FACTOR VII

1. Overview

Factor VII is a vitamin K–dependent serine protease synthesized in the liver and is also known as cothromboplastin, proconvertin, or stable factor. It is unique among coagulation factors because a small proportion (approximately 1–3%) circulates in an activated form (Factor VIIa) even in the absence of coagulation activation.

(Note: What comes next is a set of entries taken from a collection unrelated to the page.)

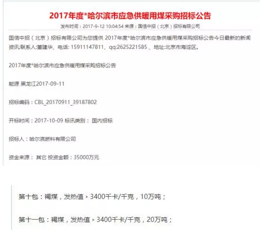 而記者在中國化工產(chǎn)品網(wǎng)上看到,哈爾濱燃料有限公司于今年9月12日發(fā)布了哈市應(yīng)急供暖用煤采購招標(biāo)公告,其中共計30萬噸褐煤僅要求發(fā)熱值大于3400千卡/千克。在企業(yè)注冊信息上,該公司經(jīng)營范圍包括煤炭批發(fā)經(jīng)營。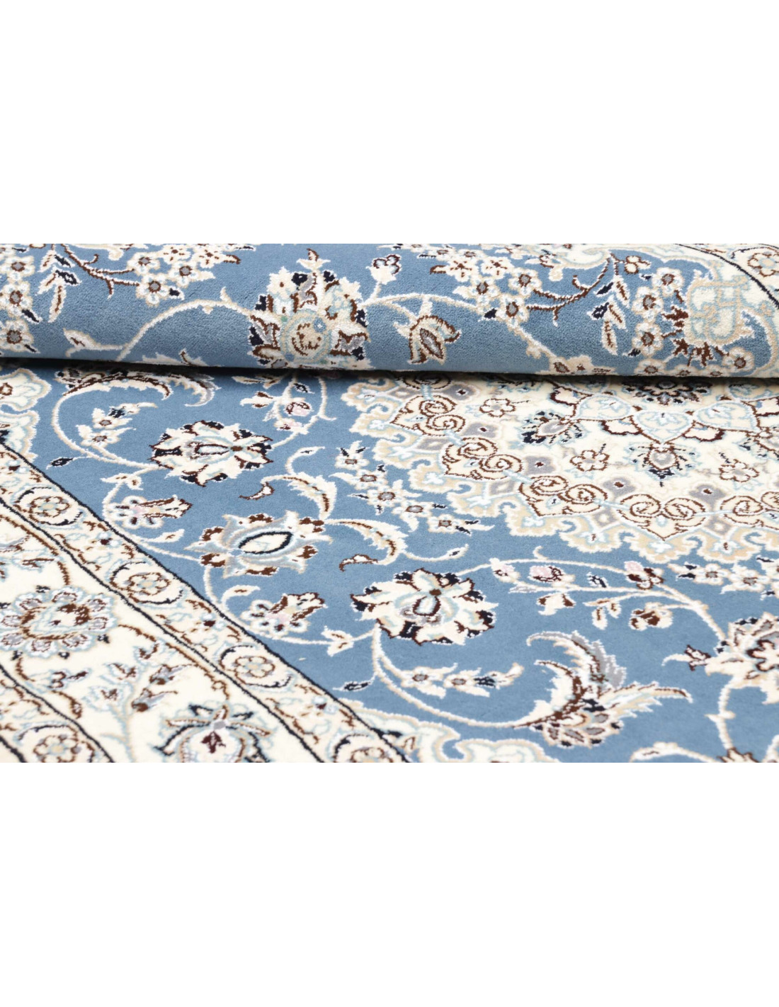 Aesthetically, Nain 9La rugs are characterized by their delicate floral motifs and arabesques, often arranged around a central medallion and framed by harmonious borders. Their dominant palette includes refined shades of ivory, beige, and blue, with soft contrasts that give the rug a luminous and elegant appearance. The term “9La” refers to the use of slightly thicker threads compared to Nain 6La rugs, ensuring outstanding quality while offering a more accessible option, without sacrificing timeless beauty.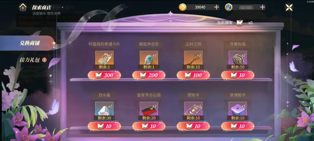 4.2 探索商店在活动的兑换商铺中,本次提供【阿盖娅的奇遇卡片】、传说生产珍宝【碧蓝伊吉安】等极品道具以及自选徽章礼盒可供兑换(阿盖娅奇遇卡片可兑换索菲亚;诺亚的奇遇卡片)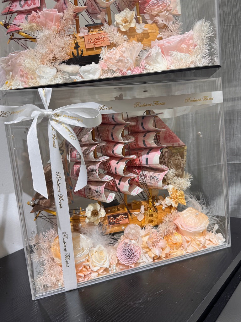 普通款| 順風順水永生花鈔票帆船禮盒🎁單面花花款

It plays a central role in the extrinsic pathway of coagulation. Upon vascular injury, tissue factor (TF) becomes exposed and binds to circulating Factor VII/VIIa, initiating the coagulation cascade and leading to thrombin generation and clot formation through the common pathway. Congenital deficiency of Factor VII is known as prothrombin conversion accelerator deficiency or Alexander’s disease.

2. Symptoms

Clinical manifestations of Factor VII deficiency are primarily related to bleeding tendencies. Common symptoms include epistaxis, gum bleeding, easy bruising, and prolonged or excessive bleeding following surgery or physical injury. Some individuals may experience recurrent bleeding episodes such as menorrhagia.

Rare but severe manifestations include hemarthrosis, hematuria, intracranial hemorrhage, and gastrointestinal bleeding, which may be life-threatening in severely affected patients. The severity of symptoms varies widely and does not always correlate directly with activity levels.

3. Causes

These deficiencies may be congenital or acquired. Inherited these deficiency is transmitted in an autosomal recessive manner and are a lifelong condition. Acquired causes include liver cirrhosis, vitamin K deficiency, disseminated intravascular coagulation (DIC), fat malabsorption, anticoagulant therapy, malignancies, and bone marrow disorders.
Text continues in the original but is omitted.